● **Task objective**: From the line containing "Cette télécommande remplace" down to the line containing "W kategorii młodszej", copy out the entries below exactly, both lines included, and nothing else; pictures do not belong in the copy.
Start of Raw data
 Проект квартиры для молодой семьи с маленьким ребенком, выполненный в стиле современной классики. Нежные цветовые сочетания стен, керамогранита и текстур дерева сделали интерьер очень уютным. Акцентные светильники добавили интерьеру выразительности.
End of Raw data
Start of Raw data
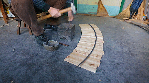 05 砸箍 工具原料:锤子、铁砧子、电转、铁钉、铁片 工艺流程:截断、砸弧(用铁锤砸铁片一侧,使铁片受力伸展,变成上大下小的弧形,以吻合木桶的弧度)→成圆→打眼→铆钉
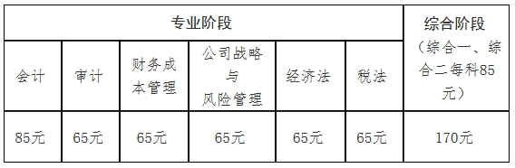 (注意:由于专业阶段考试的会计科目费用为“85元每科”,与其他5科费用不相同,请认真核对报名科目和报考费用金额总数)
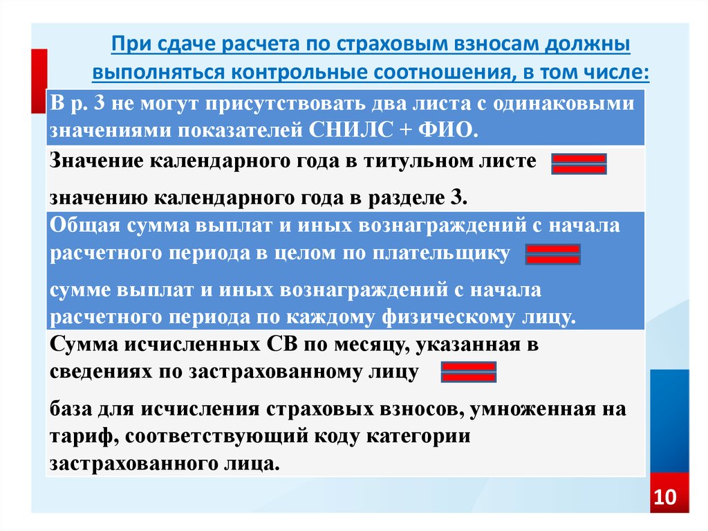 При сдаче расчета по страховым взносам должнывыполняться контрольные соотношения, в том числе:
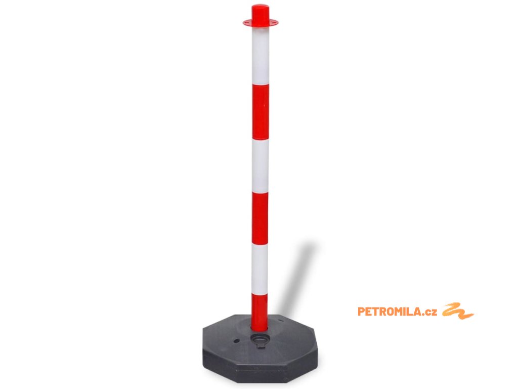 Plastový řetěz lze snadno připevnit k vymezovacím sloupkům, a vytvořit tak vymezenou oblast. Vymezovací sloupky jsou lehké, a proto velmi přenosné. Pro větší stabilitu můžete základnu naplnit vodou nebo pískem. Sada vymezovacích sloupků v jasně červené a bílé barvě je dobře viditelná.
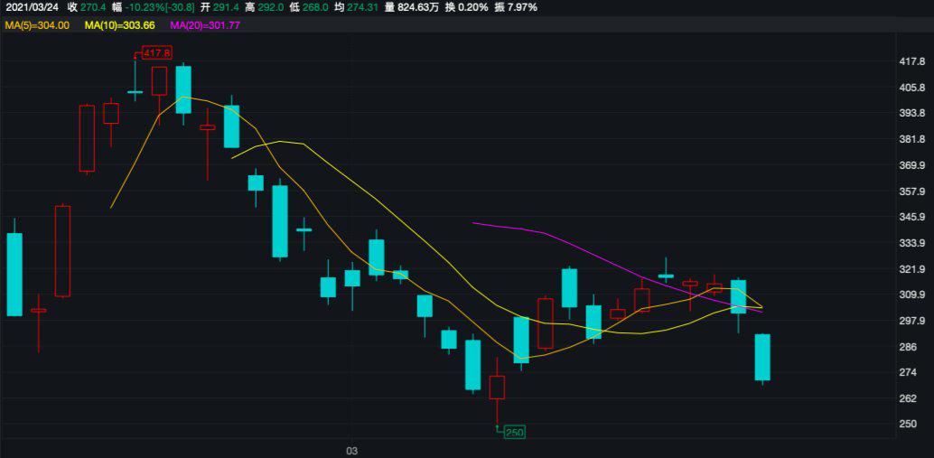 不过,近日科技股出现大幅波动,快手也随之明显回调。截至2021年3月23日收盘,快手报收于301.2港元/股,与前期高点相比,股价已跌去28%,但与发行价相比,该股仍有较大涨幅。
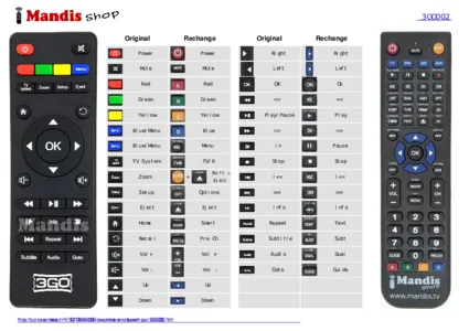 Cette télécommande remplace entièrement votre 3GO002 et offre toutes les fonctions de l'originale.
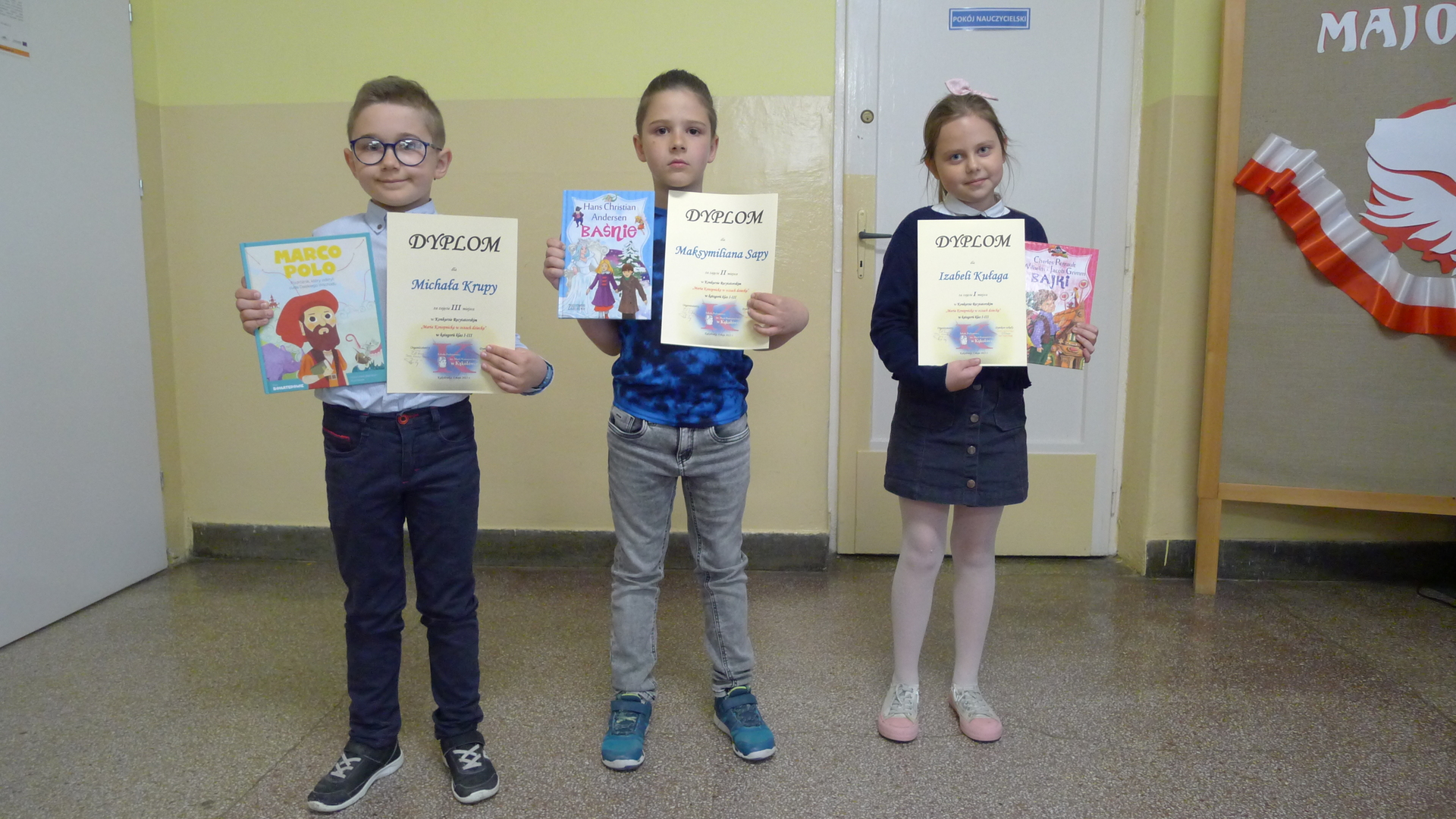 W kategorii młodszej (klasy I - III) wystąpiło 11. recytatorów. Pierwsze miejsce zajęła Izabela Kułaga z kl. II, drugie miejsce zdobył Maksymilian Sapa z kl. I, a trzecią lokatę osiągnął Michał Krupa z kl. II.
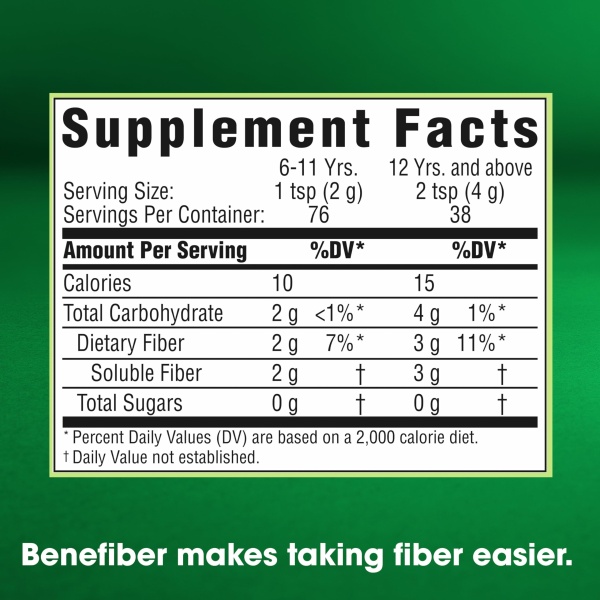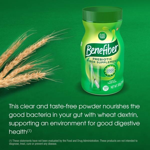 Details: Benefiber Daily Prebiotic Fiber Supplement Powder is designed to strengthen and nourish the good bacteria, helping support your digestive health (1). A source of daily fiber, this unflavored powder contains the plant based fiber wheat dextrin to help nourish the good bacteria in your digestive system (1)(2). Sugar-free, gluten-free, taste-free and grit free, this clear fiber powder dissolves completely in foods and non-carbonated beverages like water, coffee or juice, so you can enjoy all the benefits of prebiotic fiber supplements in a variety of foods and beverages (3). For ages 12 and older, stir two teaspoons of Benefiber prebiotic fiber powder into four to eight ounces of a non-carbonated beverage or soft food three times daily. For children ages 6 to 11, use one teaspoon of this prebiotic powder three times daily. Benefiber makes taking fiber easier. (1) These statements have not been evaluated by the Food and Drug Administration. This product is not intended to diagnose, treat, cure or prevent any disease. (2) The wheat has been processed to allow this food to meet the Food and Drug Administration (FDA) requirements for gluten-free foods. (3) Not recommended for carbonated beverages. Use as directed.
End of Raw data
Start of Raw data
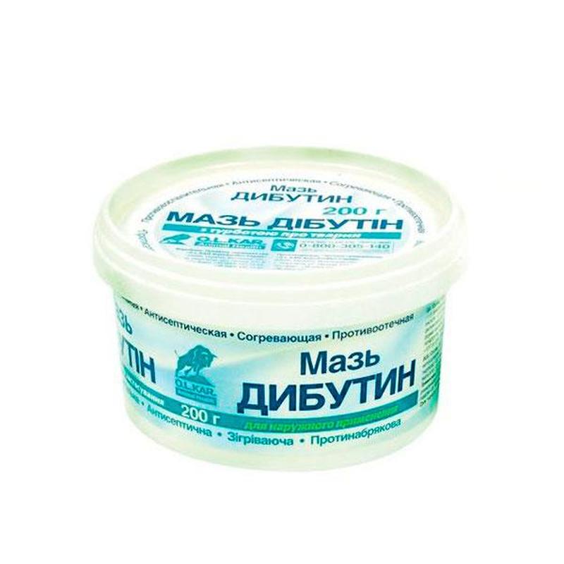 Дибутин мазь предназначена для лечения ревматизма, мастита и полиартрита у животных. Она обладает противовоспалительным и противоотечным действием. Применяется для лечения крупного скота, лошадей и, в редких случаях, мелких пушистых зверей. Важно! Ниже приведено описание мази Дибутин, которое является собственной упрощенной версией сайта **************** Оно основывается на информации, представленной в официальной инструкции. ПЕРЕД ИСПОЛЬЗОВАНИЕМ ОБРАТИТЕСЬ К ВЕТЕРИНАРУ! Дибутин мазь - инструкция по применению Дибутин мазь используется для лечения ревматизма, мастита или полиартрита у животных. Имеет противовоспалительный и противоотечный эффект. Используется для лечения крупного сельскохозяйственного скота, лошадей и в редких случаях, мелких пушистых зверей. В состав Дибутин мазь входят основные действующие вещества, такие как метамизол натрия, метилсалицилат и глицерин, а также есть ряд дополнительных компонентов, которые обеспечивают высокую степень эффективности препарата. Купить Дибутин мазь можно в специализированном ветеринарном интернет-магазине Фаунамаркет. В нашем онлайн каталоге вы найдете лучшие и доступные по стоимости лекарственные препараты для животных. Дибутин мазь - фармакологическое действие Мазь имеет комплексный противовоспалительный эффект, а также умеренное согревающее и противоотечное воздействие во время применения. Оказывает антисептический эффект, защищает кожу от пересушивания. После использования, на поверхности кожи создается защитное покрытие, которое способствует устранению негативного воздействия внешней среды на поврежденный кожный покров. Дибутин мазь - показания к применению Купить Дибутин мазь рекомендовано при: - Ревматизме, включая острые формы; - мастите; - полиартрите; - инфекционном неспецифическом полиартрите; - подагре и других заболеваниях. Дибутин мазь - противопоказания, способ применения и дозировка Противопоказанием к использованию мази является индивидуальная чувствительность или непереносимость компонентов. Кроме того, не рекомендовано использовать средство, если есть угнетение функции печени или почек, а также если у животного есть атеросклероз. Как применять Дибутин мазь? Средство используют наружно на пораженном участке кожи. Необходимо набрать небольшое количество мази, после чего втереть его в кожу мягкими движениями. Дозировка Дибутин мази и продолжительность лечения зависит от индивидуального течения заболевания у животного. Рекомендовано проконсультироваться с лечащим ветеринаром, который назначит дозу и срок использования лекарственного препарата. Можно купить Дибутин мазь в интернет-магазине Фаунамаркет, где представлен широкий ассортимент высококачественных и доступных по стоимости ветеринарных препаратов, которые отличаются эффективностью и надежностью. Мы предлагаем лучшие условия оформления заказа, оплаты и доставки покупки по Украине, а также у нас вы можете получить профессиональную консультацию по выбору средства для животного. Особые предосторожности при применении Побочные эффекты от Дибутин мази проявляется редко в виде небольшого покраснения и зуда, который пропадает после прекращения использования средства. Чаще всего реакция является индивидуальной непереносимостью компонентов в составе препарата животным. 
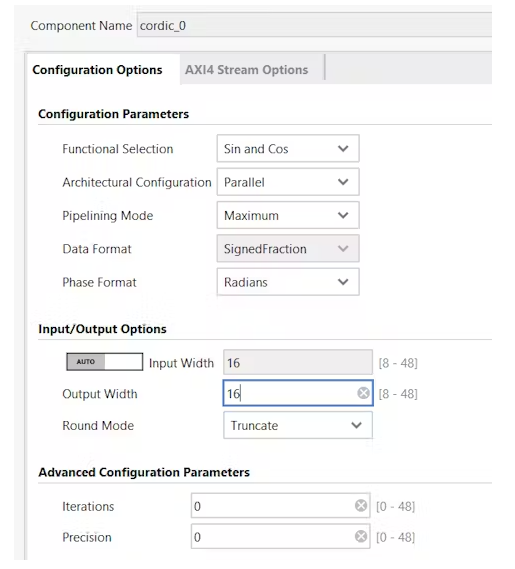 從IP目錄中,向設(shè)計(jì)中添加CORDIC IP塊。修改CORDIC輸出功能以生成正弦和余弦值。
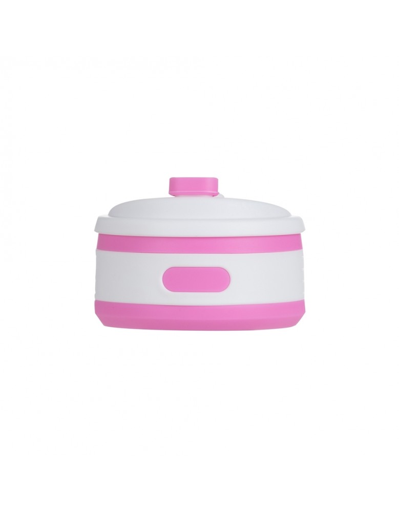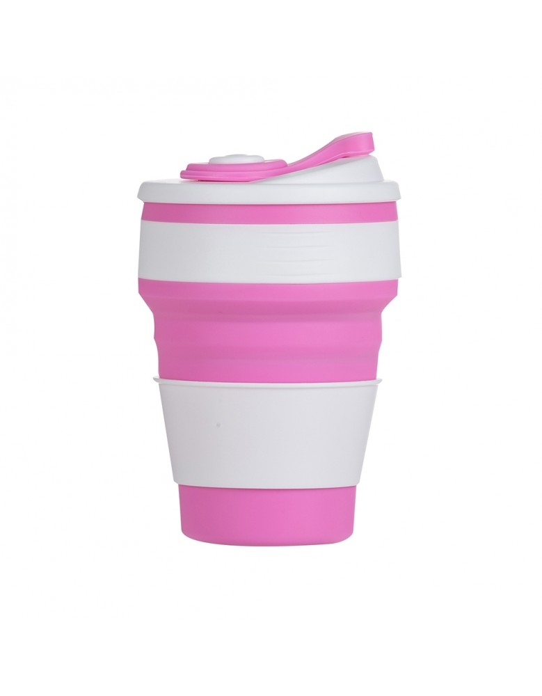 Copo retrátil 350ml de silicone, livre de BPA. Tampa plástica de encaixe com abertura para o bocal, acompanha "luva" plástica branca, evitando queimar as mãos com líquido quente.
End of Raw data
● **Worked solution**:
 Cette télécommande remplace entièrement votre 3GO002 et offre toutes les fonctions de l'originale.
 W kategorii młodszej (klasy I - III) wystąpiło 11. recytatorów. Pierwsze miejsce zajęła Izabela Kułaga z kl. II, drugie miejsce zdobył Maksymilian Sapa z kl. I, a trzecią lokatę osiągnął Michał Krupa z kl. II.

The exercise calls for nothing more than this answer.